Она, растягивая слова:
– Не зна-а-аю… Может, это моё когнитивное искажение?
– Что-о-о? Выходит, лететь на самолёте – это ваша иллюзорная корреляция? Наверное, скорее даже иллюзия асимметричной проницательности.
– А нельзя без особых терминов? Я ж стараюсь выражаться понятно. Давайте на обычном русском говорить. Ладно?
– Вам только кажется, что просто выражаетесь, – улыбнулся Игорь. – Интересуетесь психологией? А что, нельзя просто сказать, без когнитивных… Вроде бы нормально беседовали. Нет, я могу, конечно, и термины употреблять. Но тогда, может, сразу на английский перейдём?
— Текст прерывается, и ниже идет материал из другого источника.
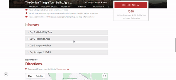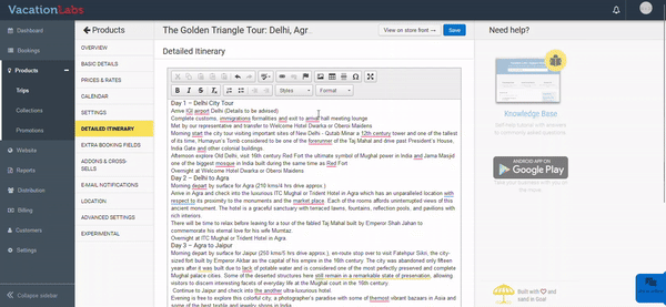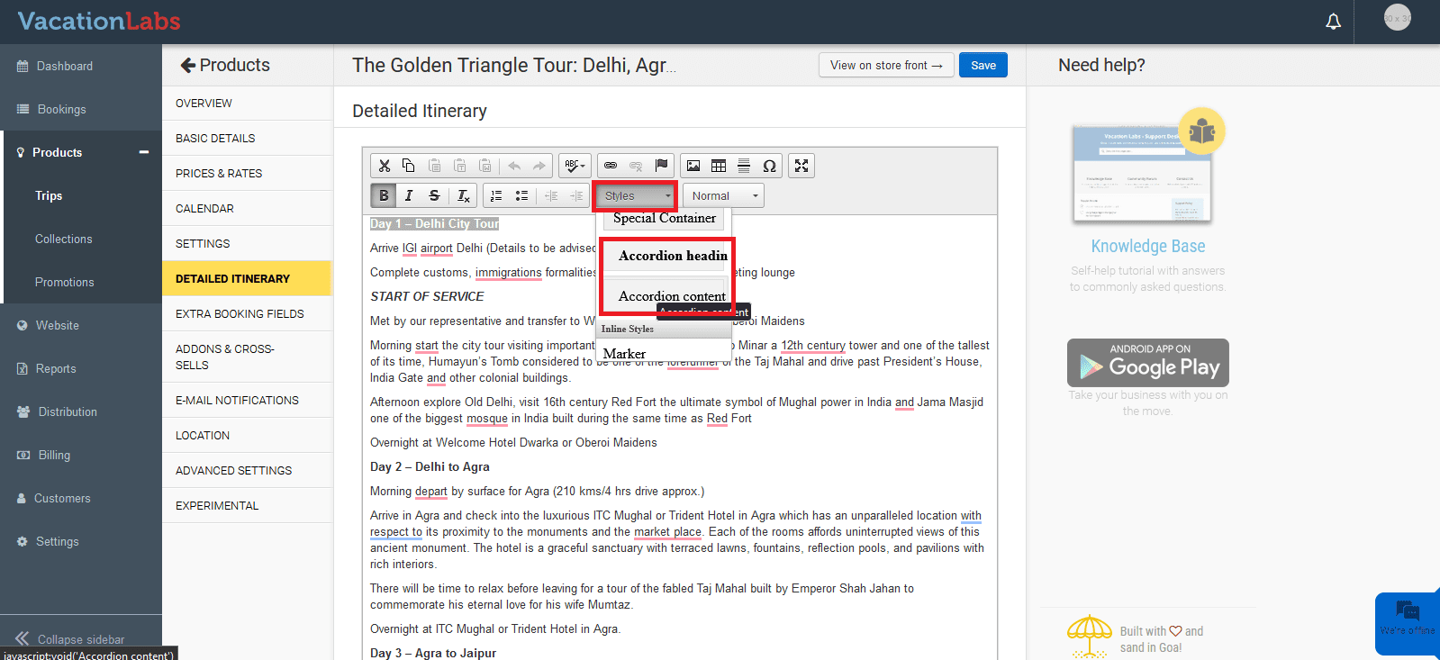 For example, if you want to set it up in the Itinerary section, navigate to Products > Trips > Edit trips > Detailed Itinerary. Here, add the content and select the text that will be displayed as a heading. Then, choose the styles option and select “Accordion heading”. For the content, select the content text and from the styles option, choose “Accordion content” and Save the changes.
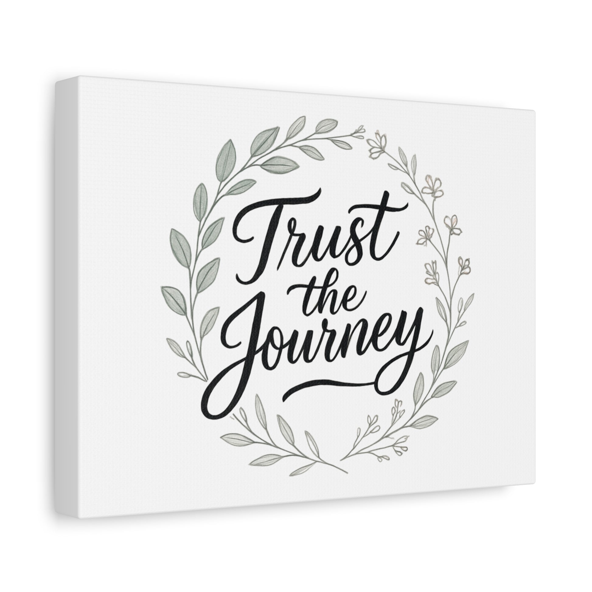 A serene matte canvas print featuring a gentle hand-lettered message, "Trust the Journey," framed by a soft botanical wreath. The muted greens and delicate linework create a calming focal point that blends easily into bedrooms, entryways, or cozy reading nooks. Stretched over a sustainable pine frame and finished with a matte coating, the print reduces glare and highlights subtle texture—inviting quiet reflection every time you pass it. Simple hanging hardware and rubber corner dots keep the canvas steady and ready to display.

– Ладно вам, согласна, что и правда загнула. А с английским у меня, если честно, не очень. Я французский изучала. Психологию – да. Подумывала даже в аспирантуру.
– Ничего себе. На самом деле самолёт – самый безопасный транспорт.
Игорь говорил, удивляясь себе всё больше и больше. После ранения это был фактически его первый разговор с девушкой, не только инициируемый им, но и наполненный содержанием.
«Надо же, психологию не забыл. Хотя… раз руки помнят сапожничество, – рассуждал он про себя, – то всё, что в голове осело, уж точно никуда не денется, если только не Альцгеймер, но это мне вроде бы не грозит».
Он убеждался, что и правда во сне проснулся.
«Вот это выдал фразочку…» – улыбнулся Игорь своим мыслям.
Вспомнилось, как обычно молчаливый Вардан Гургенович не сдержался, заявив ему во время рукопожатия перед отпуском:
– Что? Очнулись, Игорь? В обоих ваших глазах теперь я вижу по вопросу.
– А раньше что было?
– До того утра, с которого вы стали бриться каждый день, в одном из них я наблюдал безразличие, а в другом – равнодушие. Не знаю что, но с вами начинает происходить что-то, или просыпается в вас что-то, что заснуло когда-то… Я прав?
– Как же вы на мой отпуск согласились? Не любите ведь отпуск давать, – сказал Игорь.
– Верно. Не люблю праздного времяпрепровождения. Только мне видно, что вам сильно надо. А если надо, то я готов. И потом. Я же тоже могу ошибаться. Вдруг отпуск всё же необходим?
– Ладно. Работы много, надо до отъезда сдать несколько заказов, – проговорил тогда Игорь.
Первый раз с ним Аветян разговорился и даже начал шутить. И Игорь думал, что, видимо, действительно зря они раньше не говорили по душам.
– Вы ведь через Санкт-Петербург поедете?
– Да. Полечу, потом возьму машину на прокат и отправлюсь на Валаам, у меня там товарищ. Он монах.
– Не буду расспросами мучить, хоть и не терпится. Захотите, сами потом расскажете. В Питере живёт мой хороший знакомый. Вот его телефон. Мало ли что. Скажите, от меня. Он врач невролог и психотерапевт. Осип Ефремович Зыка. Не стесняйтесь, скажите, что вы от меня, этого достаточно. И заодно его жене передайте, – он показал на коробку, которая стояла на его столе в мастерской, – туфли я ей сшил.
– Какая фамилия необычная. Можно полюбопытствовать?
Вардан Гургенович открыл коробку.
– Отличная работа. Вот вы мастер! Рад у вас работать.
– Жду через две недели. У меня на вас большие планы. Вы же вернётесь?
– Посмотрим, посмотрим. А за контакт благодарю.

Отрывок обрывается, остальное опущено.